Ultimately, blame was placed with the trolley’s motorman, Herman Klingler. In the verdict of a jury convened by the Allegheny County coroner, Klingler “was grossly careless in his operation of the car.” Klingler admitted on the witness stand that he had downed several drinks on that Christmas Eve, but denied being drunk when the accident happened. He ended up spending a little more than a year in prison on involuntary manslaughter charges. At least 70 civil suits were filed, with plaintiffs seeking compensation for injuries, lost wages, medical expenses and more. Ultimately, Pittsburgh Railways paid out a little more than $288,000 to victims and their families, which would be about $5 million in today’s dollars. The private company twice filed for bankruptcy in the decades that followed, and it went out of business for good in 1964.

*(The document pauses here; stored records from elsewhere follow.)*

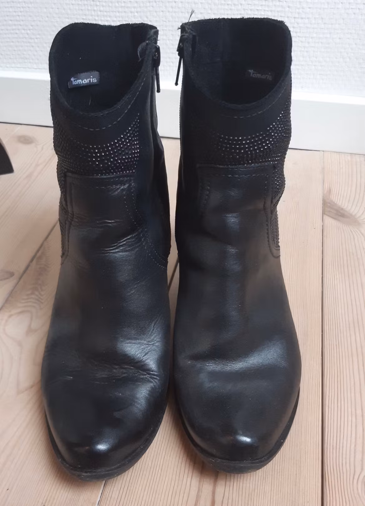 Tamaris - str. 40 25,- Sorte Sko med hæl / støvler På lager Tilføj til kurv Lagersaldo: 1 Del Information Anmeldelser Sorte Sko med hæl / støvler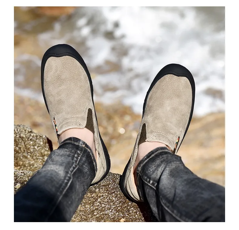 Мужская повседневная обувь на плоской подошве, Мужские дышащие мокасины ручной работы из удобная обувь; Лоферы натуральной кожи, уличные мужские кроссовки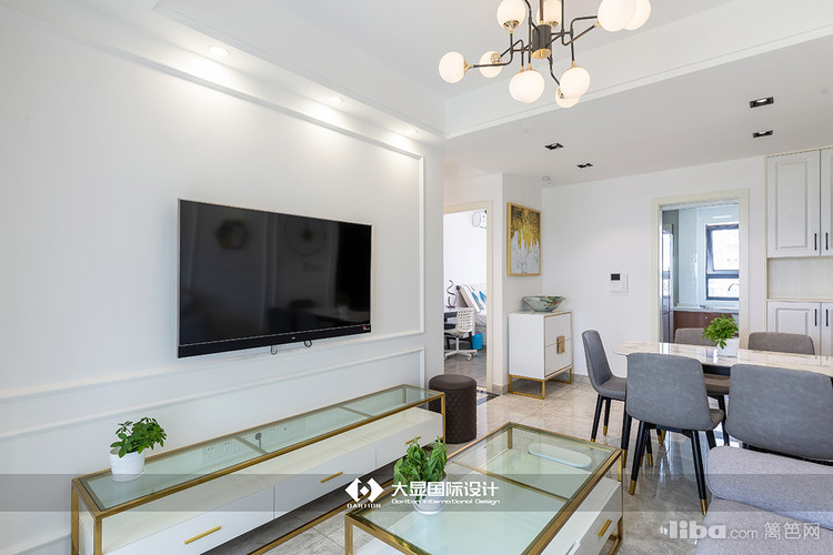 墙上的装饰画和时钟以及客厅的茶几和电视柜带有金属色,给人以轻奢感。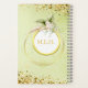 Un cuaderno elegante en tonos verdes mullidos con bandas doradas y flores.
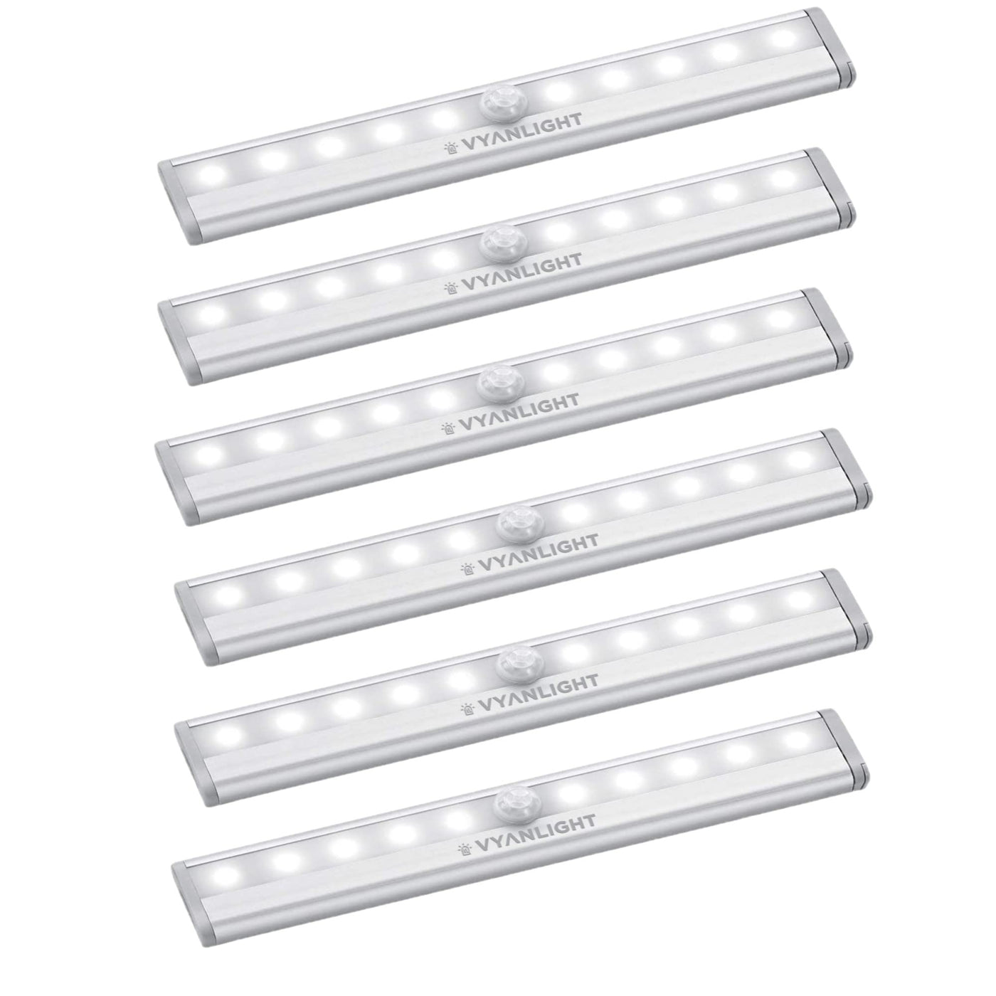 Vyanlight Motion Sensor Led Under Cabinet Lights, 10 Strips, Battery Operated, White, 6 Pack

Although public transit accidents were hardly uncommon a century ago in Pittsburgh and other cities, they were not on the gruesome scale of the disaster that unfolded in 1917. Almost 70 years later, in October 1987, another trolley car came out of the Mount Washington Transit Tunnel and again crashed onto Carson Street. Forty-one people were injured, but, unlike the 1917 disaster there were no fatalities. It was determined that brake failure caused that accident.

“We went quite a distance without an accident,” Kuffner Hirt said.

And even if it is a slice of Pittsburgh history that has largely escaped attention, people should know about the Mount Washington Transit Tunnel Disaster because it is “a part of our collective heritage,” Kuffner Hirt said.

“Knowing how it happened and who was affected allows us in a broader sense to understand what life was like in the early 1900s,” she explained.